Data extracted from a collection:
=== Begin Enclosure ===

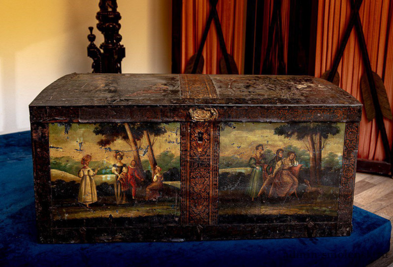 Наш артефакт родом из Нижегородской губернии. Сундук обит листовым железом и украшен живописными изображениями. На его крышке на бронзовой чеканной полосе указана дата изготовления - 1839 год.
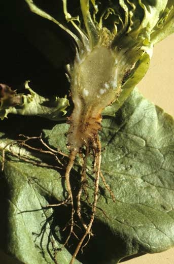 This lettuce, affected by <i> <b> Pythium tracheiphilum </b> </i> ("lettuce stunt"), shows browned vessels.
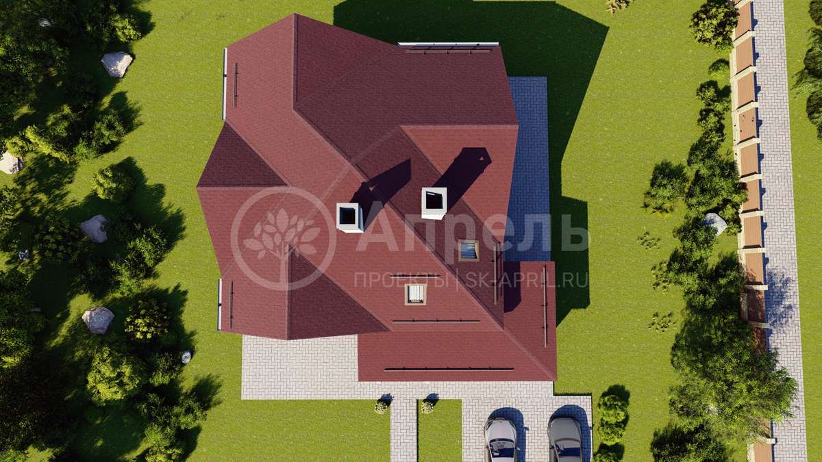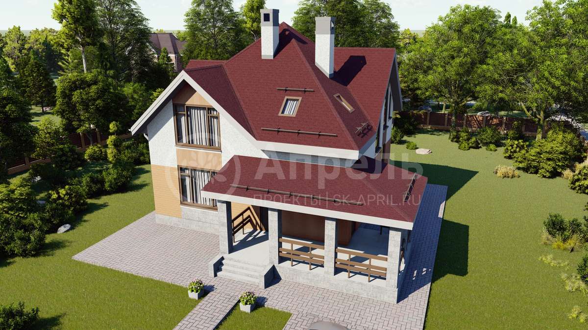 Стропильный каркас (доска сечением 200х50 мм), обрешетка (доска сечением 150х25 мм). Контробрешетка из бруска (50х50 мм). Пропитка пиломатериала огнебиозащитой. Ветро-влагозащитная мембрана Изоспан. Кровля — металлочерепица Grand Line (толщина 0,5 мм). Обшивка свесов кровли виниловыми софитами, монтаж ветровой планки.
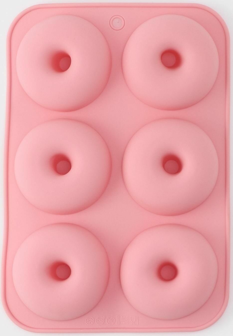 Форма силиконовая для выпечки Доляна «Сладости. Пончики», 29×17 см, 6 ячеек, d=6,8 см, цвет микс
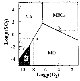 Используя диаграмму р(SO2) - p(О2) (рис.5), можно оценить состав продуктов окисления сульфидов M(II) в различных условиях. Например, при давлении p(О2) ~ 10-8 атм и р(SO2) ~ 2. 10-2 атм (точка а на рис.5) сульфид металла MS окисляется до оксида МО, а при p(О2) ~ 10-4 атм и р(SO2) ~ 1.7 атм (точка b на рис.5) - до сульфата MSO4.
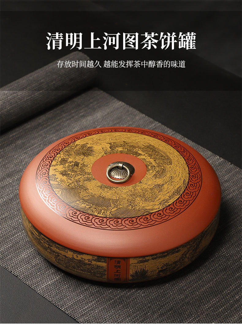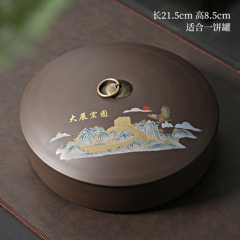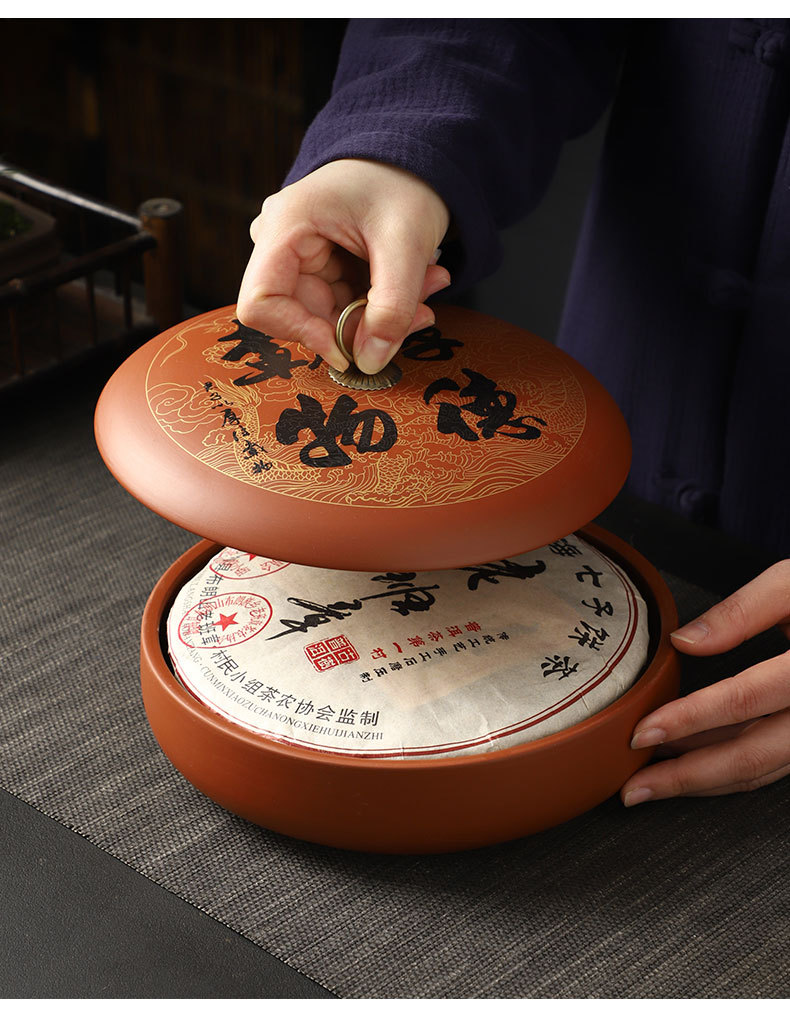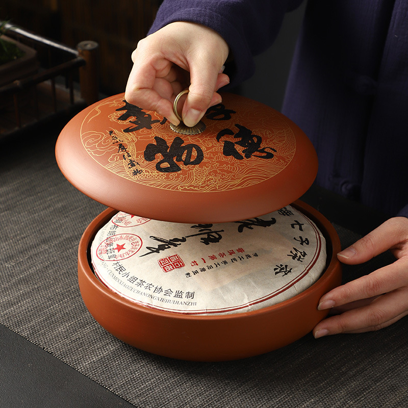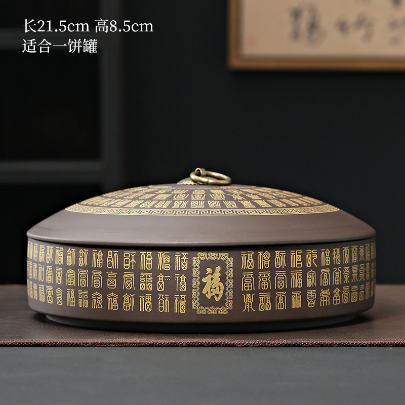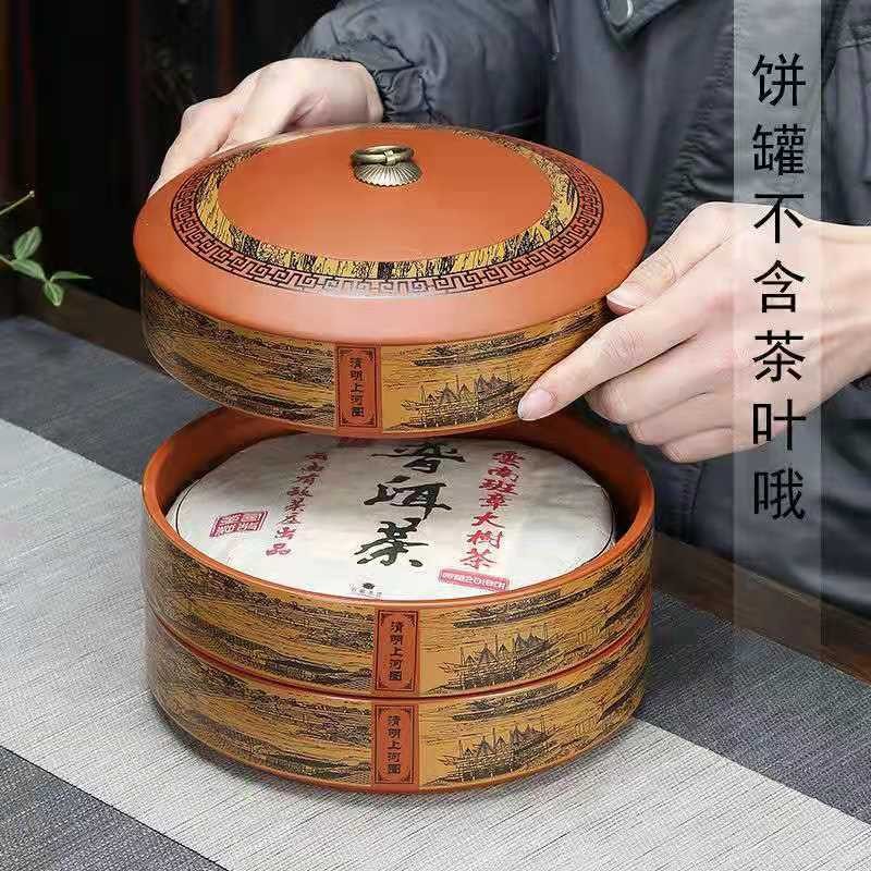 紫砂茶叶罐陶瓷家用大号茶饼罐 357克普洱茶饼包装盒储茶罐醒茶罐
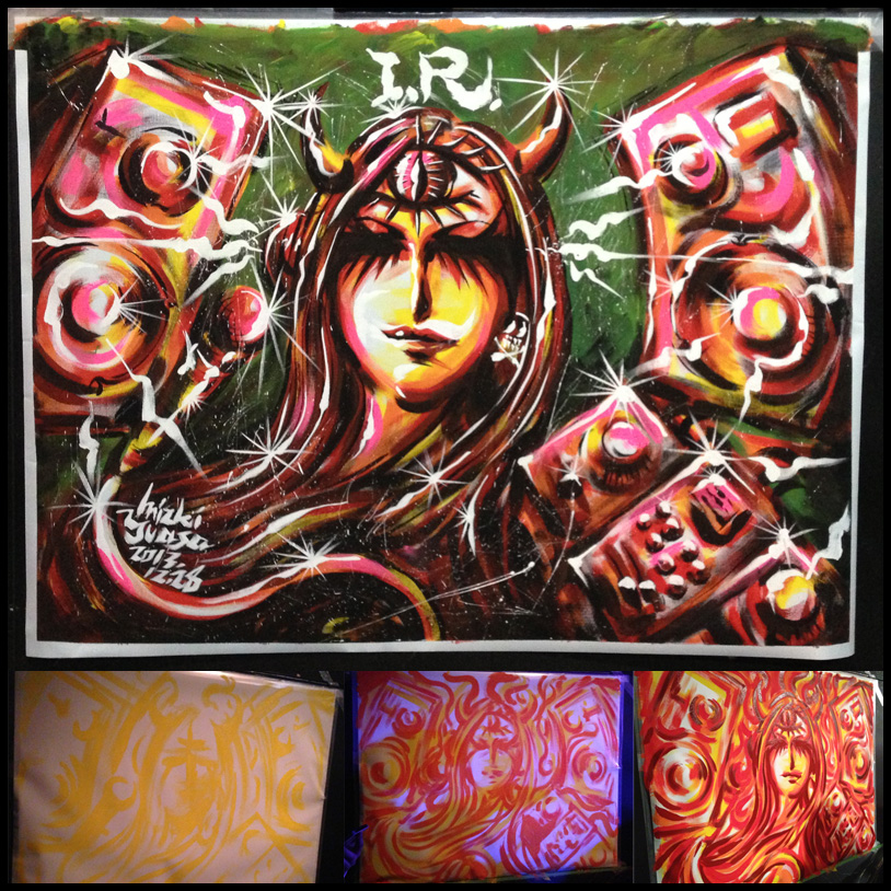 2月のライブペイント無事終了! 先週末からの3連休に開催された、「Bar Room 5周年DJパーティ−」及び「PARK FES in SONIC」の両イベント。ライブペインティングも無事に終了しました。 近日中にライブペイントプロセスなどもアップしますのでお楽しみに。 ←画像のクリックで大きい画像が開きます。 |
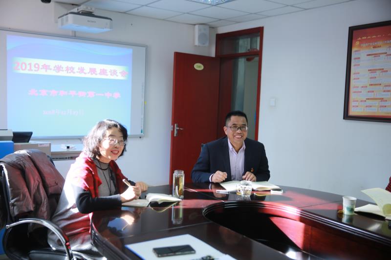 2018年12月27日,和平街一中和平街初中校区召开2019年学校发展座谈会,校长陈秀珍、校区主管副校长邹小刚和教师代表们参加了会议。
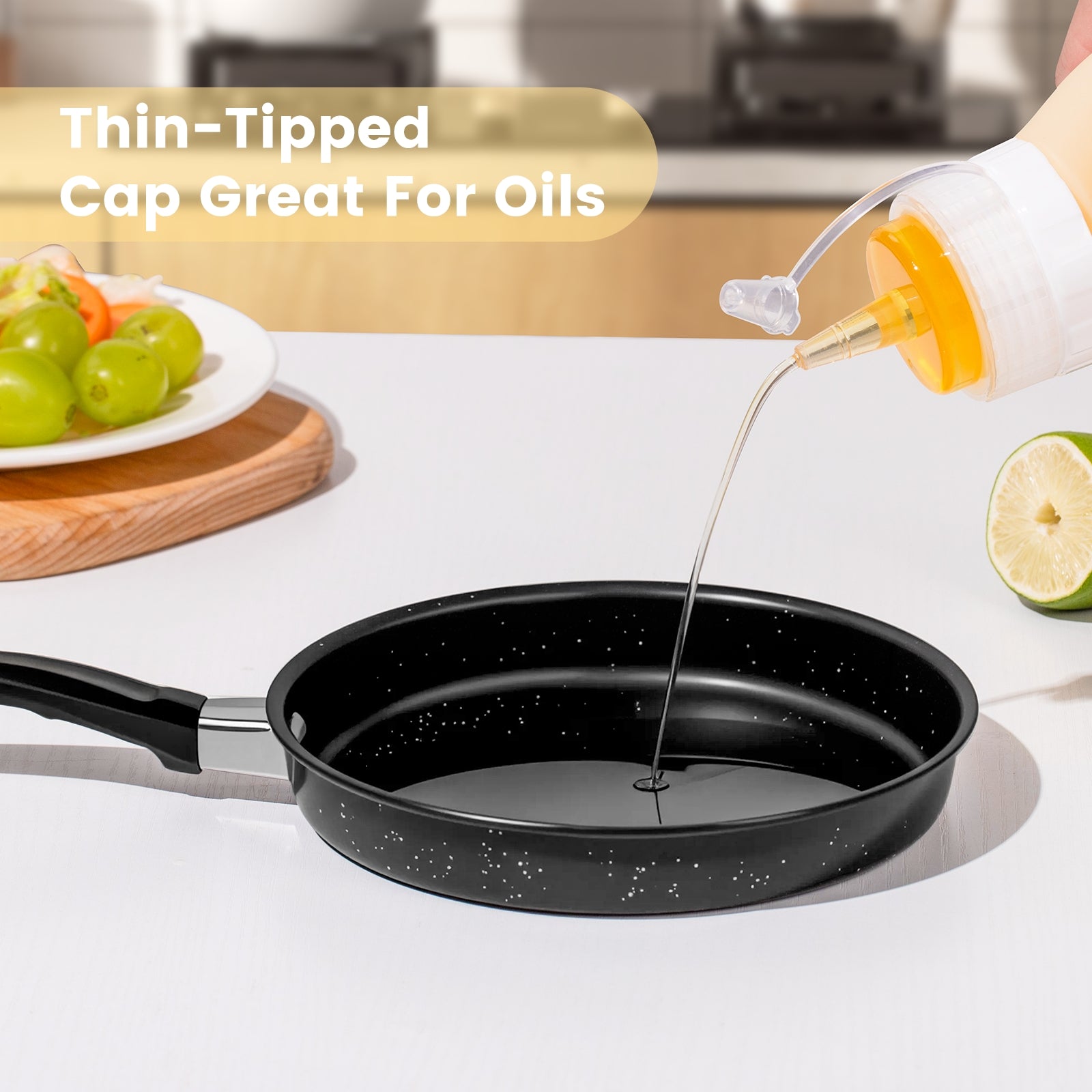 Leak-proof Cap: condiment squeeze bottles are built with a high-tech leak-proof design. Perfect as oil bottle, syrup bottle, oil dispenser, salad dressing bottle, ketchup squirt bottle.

=== End Enclosure ===

▶ What to work on: Could you retype all the entries exactly, skipping the pictures?

▶ Answer section:
 Наш артефакт родом из Нижегородской губернии. Сундук обит листовым железом и украшен живописными изображениями. На его крышке на бронзовой чеканной полосе указана дата изготовления - 1839 год.
 This lettuce, affected by <i> <b> Pythium tracheiphilum </b> </i> ("lettuce stunt"), shows browned vessels.
 Стропильный каркас (доска сечением 200х50 мм), обрешетка (доска сечением 150х25 мм). Контробрешетка из бруска (50х50 мм). Пропитка пиломатериала огнебиозащитой. Ветро-влагозащитная мембрана Изоспан. Кровля — металлочерепица Grand Line (толщина 0,5 мм). Обшивка свесов кровли виниловыми софитами, монтаж ветровой планки.
 Форма силиконовая для выпечки Доляна «Сладости. Пончики», 29×17 см, 6 ячеек, d=6,8 см, цвет микс
 Используя диаграмму р(SO2) - p(О2) (рис.5), можно оценить состав продуктов окисления сульфидов M(II) в различных условиях. Например, при давлении p(О2) ~ 10-8 атм и р(SO2) ~ 2. 10-2 атм (точка а на рис.5) сульфид металла MS окисляется до оксида МО, а при p(О2) ~ 10-4 атм и р(SO2) ~ 1.7 атм (точка b на рис.5) - до сульфата MSO4.
 紫砂茶叶罐陶瓷家用大号茶饼罐 357克普洱茶饼包装盒储茶罐醒茶罐
 2月のライブペイント無事終了! 先週末からの3連休に開催された、「Bar Room 5周年DJパーティ−」及び「PARK FES in SONIC」の両イベント。ライブペインティングも無事に終了しました。 近日中にライブペイントプロセスなどもアップしますのでお楽しみに。 ←画像のクリックで大きい画像が開きます。 |
 2018年12月27日,和平街一中和平街初中校区召开2019年学校发展座谈会,校长陈秀珍、校区主管副校长邹小刚和教师代表们参加了会议。
 Leak-proof Cap: condiment squeeze bottles are built with a high-tech leak-proof design. Perfect as oil bottle, syrup bottle, oil dispenser, salad dressing bottle, ketchup squirt bottle.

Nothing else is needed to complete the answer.